TASK DIRECTIONS. The output should be the listing below, limited to the lines from the one with "Zonal架构可算是SOA架" through the one with "水泥漆、啞光衣柜、亞麻布樣的", exact and without pictures.
═════ STORED DATA
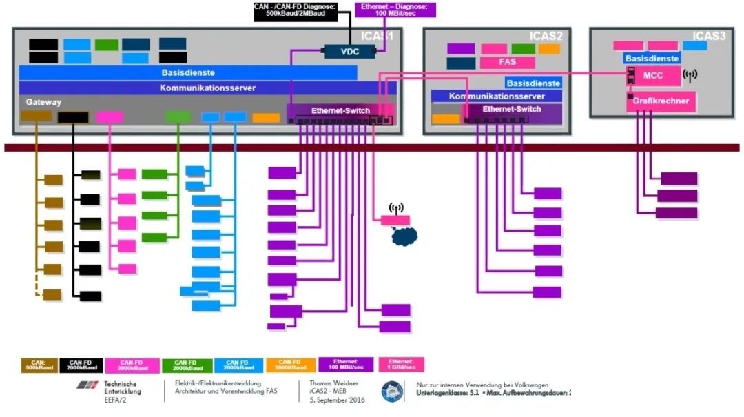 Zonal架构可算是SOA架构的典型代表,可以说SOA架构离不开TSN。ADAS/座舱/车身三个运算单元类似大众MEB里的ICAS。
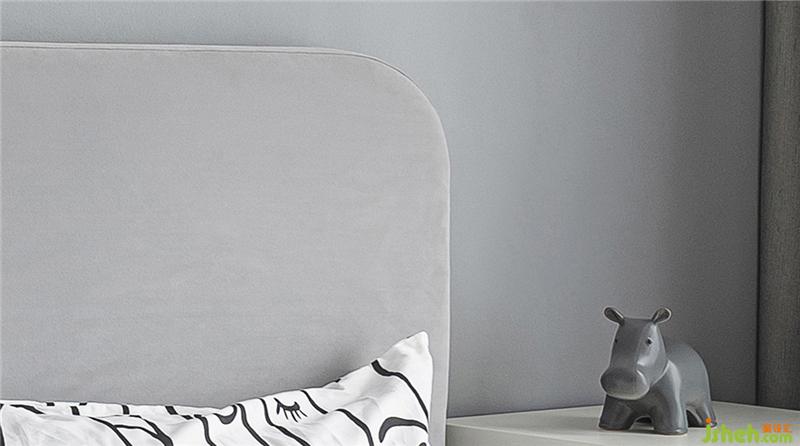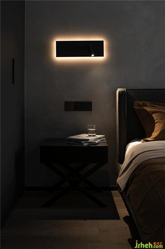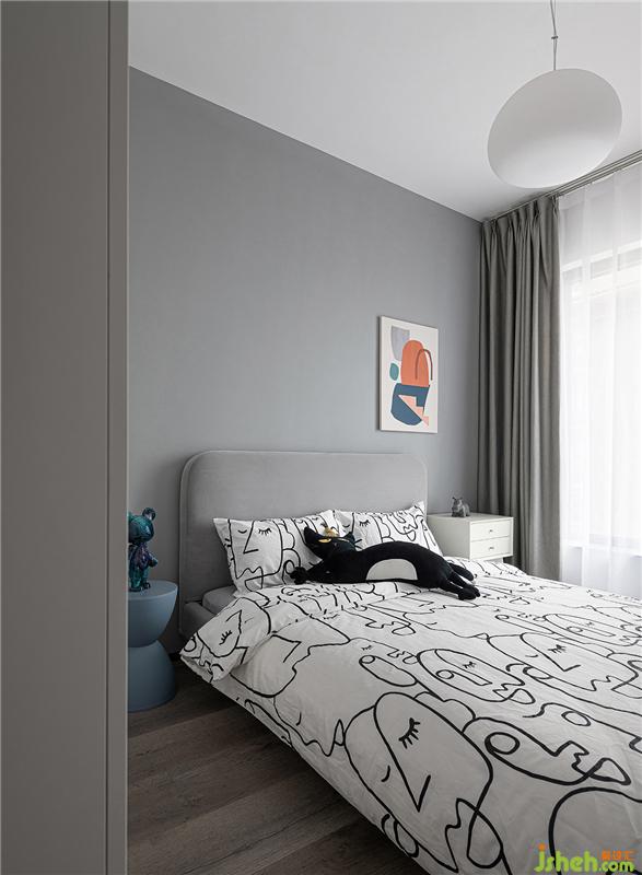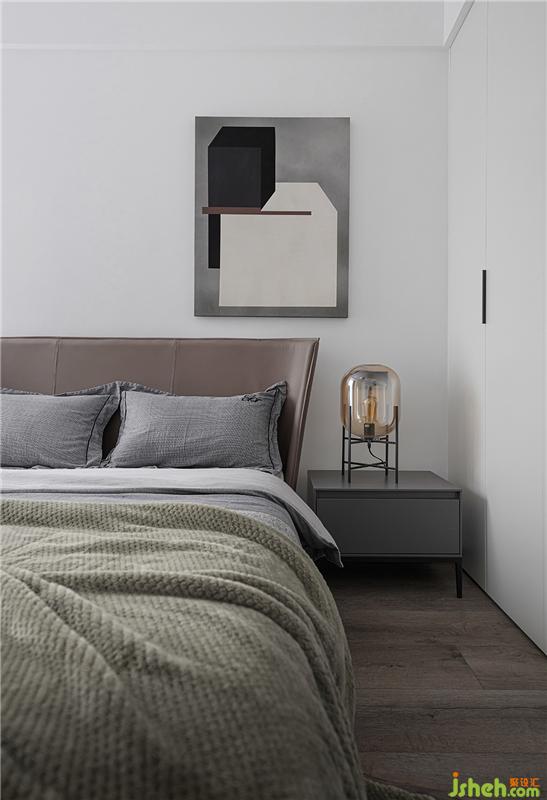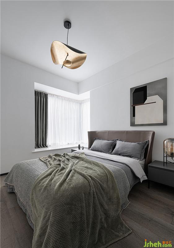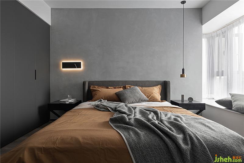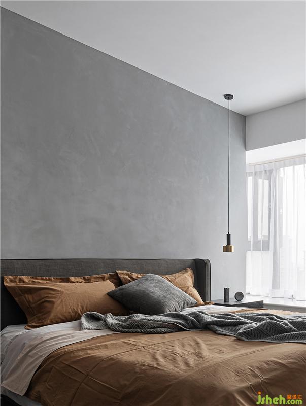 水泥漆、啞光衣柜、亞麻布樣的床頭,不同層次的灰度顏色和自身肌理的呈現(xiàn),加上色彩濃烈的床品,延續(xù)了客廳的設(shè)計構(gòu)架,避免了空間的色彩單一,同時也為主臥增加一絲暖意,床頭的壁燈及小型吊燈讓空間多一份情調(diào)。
══════════
═════ STORED DATA
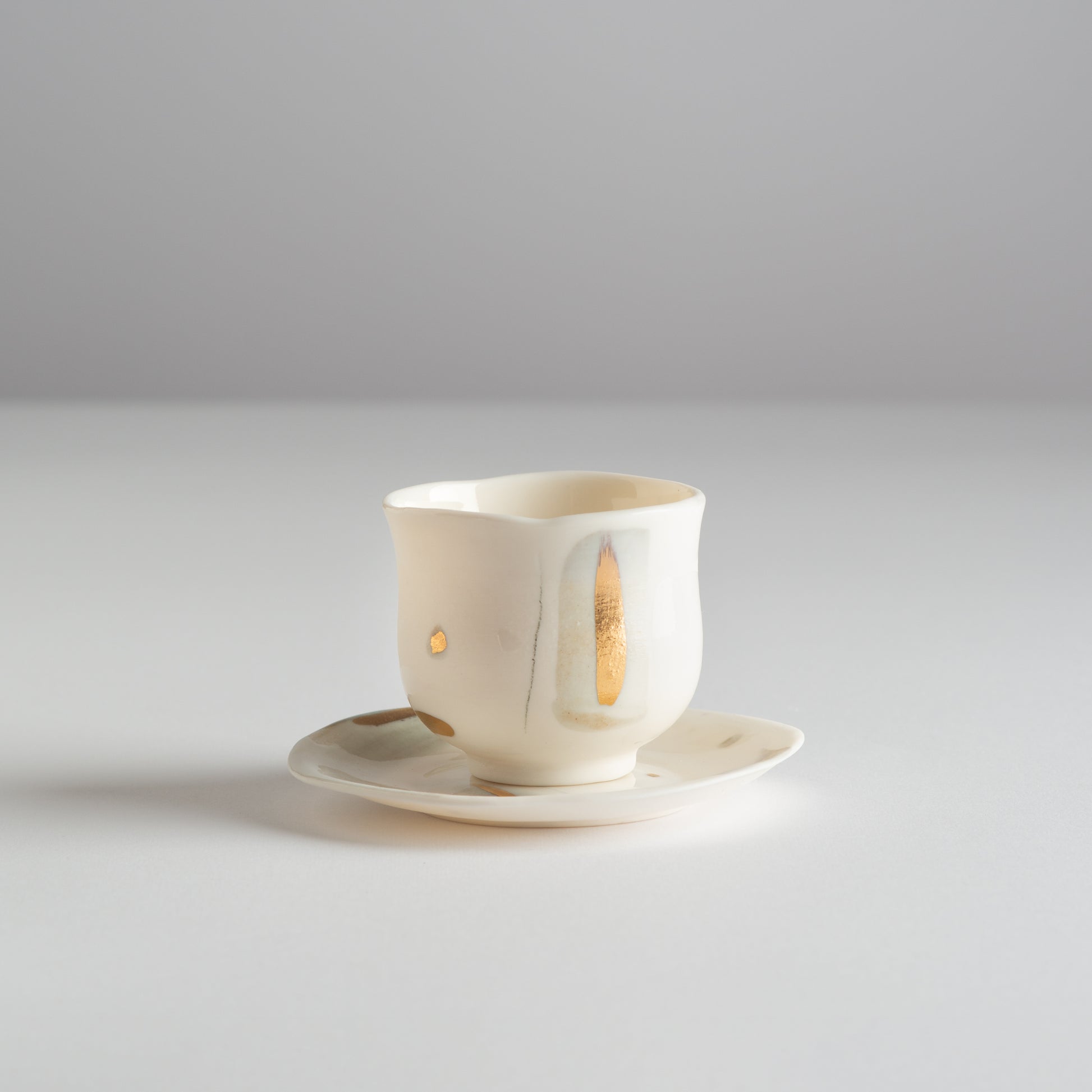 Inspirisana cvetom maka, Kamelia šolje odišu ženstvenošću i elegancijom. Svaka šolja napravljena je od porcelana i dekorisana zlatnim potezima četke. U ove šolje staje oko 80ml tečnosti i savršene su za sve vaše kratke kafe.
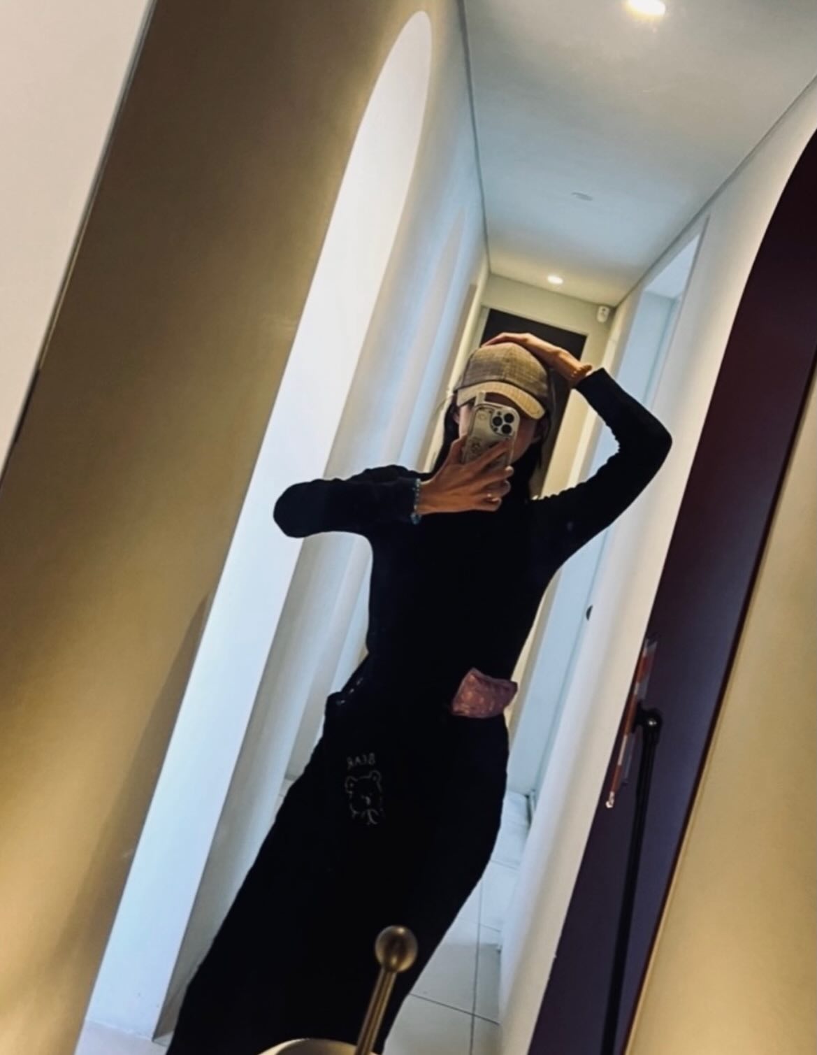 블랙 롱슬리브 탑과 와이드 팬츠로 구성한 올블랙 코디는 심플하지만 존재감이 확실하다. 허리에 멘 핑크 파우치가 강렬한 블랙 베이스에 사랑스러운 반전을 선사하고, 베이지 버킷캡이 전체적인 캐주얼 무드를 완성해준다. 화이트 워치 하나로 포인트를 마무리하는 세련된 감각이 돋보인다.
══════════
═════ STORED DATA
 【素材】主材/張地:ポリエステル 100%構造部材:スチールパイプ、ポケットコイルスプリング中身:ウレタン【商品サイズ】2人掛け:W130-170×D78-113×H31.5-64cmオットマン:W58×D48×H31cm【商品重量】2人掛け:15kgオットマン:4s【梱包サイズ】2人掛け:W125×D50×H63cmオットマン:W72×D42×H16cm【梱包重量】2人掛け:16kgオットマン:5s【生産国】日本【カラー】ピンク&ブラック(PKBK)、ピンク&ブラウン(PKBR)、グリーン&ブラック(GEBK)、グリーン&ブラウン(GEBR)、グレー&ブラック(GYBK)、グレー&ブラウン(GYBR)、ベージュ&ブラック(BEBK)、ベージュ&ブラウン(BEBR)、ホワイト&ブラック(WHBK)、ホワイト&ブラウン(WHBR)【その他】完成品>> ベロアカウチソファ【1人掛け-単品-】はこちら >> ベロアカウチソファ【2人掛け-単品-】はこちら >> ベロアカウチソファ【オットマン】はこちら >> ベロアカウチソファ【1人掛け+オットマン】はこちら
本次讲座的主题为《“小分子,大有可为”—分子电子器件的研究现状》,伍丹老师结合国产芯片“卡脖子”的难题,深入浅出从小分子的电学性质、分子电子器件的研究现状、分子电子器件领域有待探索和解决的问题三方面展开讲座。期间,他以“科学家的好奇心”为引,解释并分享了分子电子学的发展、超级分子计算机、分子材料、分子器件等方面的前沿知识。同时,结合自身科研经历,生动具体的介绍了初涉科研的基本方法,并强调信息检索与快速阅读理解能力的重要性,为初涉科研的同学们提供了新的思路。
══════════
EXERCISE RESULT.
 Zonal架构可算是SOA架构的典型代表,可以说SOA架构离不开TSN。ADAS/座舱/车身三个运算单元类似大众MEB里的ICAS。
 水泥漆、啞光衣柜、亞麻布樣的床頭,不同層次的灰度顏色和自身肌理的呈現(xiàn),加上色彩濃烈的床品,延續(xù)了客廳的設(shè)計構(gòu)架,避免了空間的色彩單一,同時也為主臥增加一絲暖意,床頭的壁燈及小型吊燈讓空間多一份情調(diào)。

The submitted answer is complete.